Dachte schon wir sind zu dumm.
Hätte ich besser statt stundenlangem Suchen gleich im SPS-Forum nachgelesen.


----------



## carp_austria1 (24 April 2015)

Stehe vor dem gleichen Problem.
Neuer IPC 277D mit der Version WinCC Runtime Advanced V13.0
Eine übertragen mittels Ethernet nicht möglich. IPC unter den erreichbaren Teilnehmern aber erreichbar.
In der Gerätekonfiguration in meinem Projekt den IPC projektiert, mit der WinCC RT Adv Version 13.0.0.0 und nicht mit der Version 13.0.1.0
Anschließed Projekt, mithilfe eines USB Stick auf den IPC kopiert und versucht die Datei pdata.fwc zu öffnen.
Leider ohne Erfolg. Die Projektierungsdatei xyz konnte nicht geladen werden. Die Anwendung wird beendet.
Wie bekomme ich die Runtime zu laufen?

Danke für eure Hilfe!


----------



## Tris (24 April 2015)

1. Die Datei muss in den im Loader (Start Center) eingestellten Pfad ersetzt werden
2. Das ES und die RT müssen den gleichen Stand haben, beide V13 oder beide V13.1


----------



## carp_austria1 (24 April 2015)

Projektierungsdateipfad ist geändert worden.
Auf dem IPC ist WinCC RT Advanced V13. Auf meinem PC WinCC RT Advanced V13 SP1 Upt 2.
Beim Versuch das Update auf dem IPC zu installieren kommt folgende Fehlermeldung: WinCC Runtime Advanced V13.0 SP1 Upd 1 benötigt als
Installationsvoraussetzung WinCC Runtime Advanced V13.0.1 Diese wurde auf dem Rechner nicht gefunden? 
Gibts da noch einen zwischenschritt von V13 auf V13.0.1? Hat vielleicht jemand den Link für den entsprechenden download?


----------



## Tris (24 April 2015)

Nein, du hast wahrscheinlich versucht das Upd2 des SP1 auf die V13.0.x zu installieren. Zuerst den SP1, dann das Upd2 des SP1 😉


----------



## carp_austria1 (24 April 2015)

Ja stimmt! Danke Tris ! Muss erst mal nur das SP1 installieren und dann updaten!


----------



## Tris (24 April 2015)

Und das an meinem freien Tag! Mach gerade mein Auto TÜV bereit. 😅 Viel Glück. Wenn du die 8GB CFast hast, geht dir evtl. der Platz auf der C Partition aus. Die Installer werden leider nicht automatisch nach der Installation gelöscht. 😠 Die liegen in nem versteckten Ordner C:\Benutzer\USER\appdata\local\temp glaub ich.


----------



## carp_austria1 (28 April 2015)

Hat soweit alles funktioniert! Danke nochmal!


----------



## JesperMP (2 Februar 2016)

Von mir auch eine Danke für die Lösung über Ethernet --> eigene PC IP --> Loader --> RT Verzeichniss.

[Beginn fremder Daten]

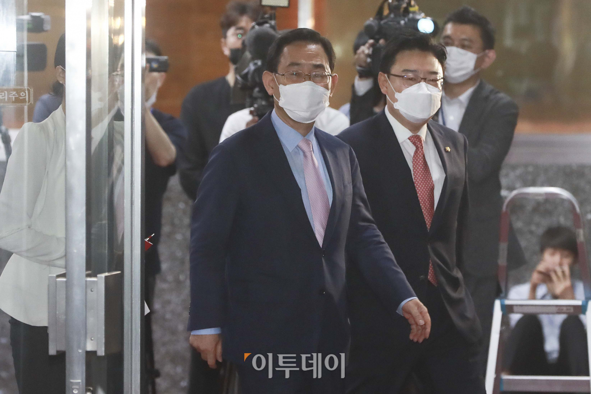 [포토] 원구성 협상 회동 참석하는 주호영 원내대표

Heute mit WinCC v13 SP1 UPD6 gibt es immer noch kein Transfer auf Datei.


----------



## ChristophD (2 Februar 2016)

JesperMP schrieb:


> Von mir auch eine Danke für die Lösung über Ethernet --> eigene PC IP --> Loader --> RT Verzeichniss.
> 
> Heute mit WinCC v13 SP1 UPD6 gibt es immer noch kein Transfer auf Datei.



Wenn du ´Lust hast probierst du es mal mit Update 7 vielleicht haben sie damit ja was geändert?


----------



## JesperMP (2 Februar 2016)

Verdammt, ich habe gerade Upd 6 installiert, und jetzt gibt es schon ein Upd 7.
Laut der Liesmich gibt es kein Verbesserung bei die Transfer Optionen.


----------



## ChristophD (2 Februar 2016)

Gerade?
Dachte das hast du schon letzte Woche wegen der ET200SP Geschichte installiert gehabt?


----------



## JesperMP (2 Februar 2016)

Mein Updater hat nur Upd 6 gefunden.


----------